Stochastic epidemic models (SEMs) fit to incidence data are critical to
elucidating outbreak dynamics, shaping response strategies, and preparing for
future epidemics. SEMs typically represent counts of individuals in discrete
infection states using Markov jump processes (MJPs), but are computationally
challenging as imperfect surveillance, lack of subject-level information, and
temporal coarseness of the data obscure the true epidemic. Analytic integration
over the latent epidemic process is impossible, and integration via Markov
chain Monte Carlo (MCMC) is cumbersome due to the dimensionality and
discreteness of the latent state space. Simulation-based computational
approaches can address the intractability of the MJP likelihood, but are
numerically fragile and prohibitively expensive for complex models.
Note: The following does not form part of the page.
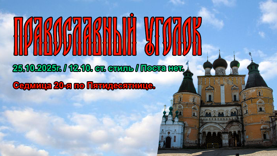 Седмица 20-я по Пятидесятнице. День памяти мучеников Прова, Тараха и Андроника. День памяти Преподобного Космы Маиу́мского, Святоградеца, творца канонов, епископа. День памяти преподобного Амфилохия Глушицкого. День памяти Св. Иоа́нна Летникова, исп. (1930). День памяти прмч. Лавре́нтия (Левченко), иеромонаха (1937). День памяти сщмч. Алекса́ндра Поздеевского, пресвитера (1940). День памяти свт. Николая (Могилевского), исп., митрополита Алма-Атинского (1955). Святые мученики Пров, Тарах и Андроник пострадали за Христа в 304 году в городе Тарсе Киликийском. На предложение язычников принести жертву идолам святой Тарах, старый воин, ответил, что он приносит жертву Единому, Истинному Богу в чистом сердце. Видя твердость святых в исповедании истинной веры, проконсул предал их пыткам. "Когда мое тело страдает, – говорил идолопоклонникам святой Пров, – тогда душа моя исцеляется и оживляется". Истязатели изощрялись в мучениях, какие только могла измыслить их злоба, а потом разрубили тела святы
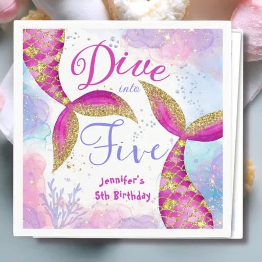 Dive into Five! Girls Pink Mermaid 5h BirthdayCriado por H-Art Studio Design

A linear
noise approximation (LNA) that approximates the MJP transition density with a
Gaussian density has been explored for analyzing prevalence data in
large-population settings, but requires modification for analyzing incidence
counts without assuming that the data are normally distributed. We demonstrate
how to reparameterize SEMs to appropriately analyze incidence data, and fold
the LNA into a data augmentation MCMC framework that outperforms deterministic
methods, statistically, and simulation-based methods, computationally. Our
framework is computationally robust when the model dynamics are complex and
applies to a broad class of SEMs. We evaluate our method in simulations that
reflect Ebola, influenza, and SARS-CoV-2 dynamics, and apply our method to
national surveillance counts from the 2013--2015 West Africa Ebola outbreak.